* **Aim of the task**
Below are some records. Return exactly the lines from the one with "每次打开耳机盒心情都会特别好" to the one with "Andre Gareis hatte", and nothing else.

BEGIN Supplied material

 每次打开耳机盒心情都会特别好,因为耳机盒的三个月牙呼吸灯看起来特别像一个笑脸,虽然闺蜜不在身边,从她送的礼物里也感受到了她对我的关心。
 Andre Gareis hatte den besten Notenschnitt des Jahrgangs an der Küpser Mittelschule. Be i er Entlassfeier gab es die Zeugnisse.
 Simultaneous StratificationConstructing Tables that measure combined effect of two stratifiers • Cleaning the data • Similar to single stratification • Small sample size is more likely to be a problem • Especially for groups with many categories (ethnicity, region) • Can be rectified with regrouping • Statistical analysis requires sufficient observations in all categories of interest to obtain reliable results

END Supplied material
BEGIN Supplied material

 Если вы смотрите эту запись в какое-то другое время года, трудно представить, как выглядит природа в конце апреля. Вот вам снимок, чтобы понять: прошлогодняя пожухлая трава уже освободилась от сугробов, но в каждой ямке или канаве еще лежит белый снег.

END Supplied material

* **Problem solution**
 每次打开耳机盒心情都会特别好,因为耳机盒的三个月牙呼吸灯看起来特别像一个笑脸,虽然闺蜜不在身边,从她送的礼物里也感受到了她对我的关心。
 Andre Gareis hatte den besten Notenschnitt des Jahrgangs an der Küpser Mittelschule. Be i er Entlassfeier gab es die Zeugnisse.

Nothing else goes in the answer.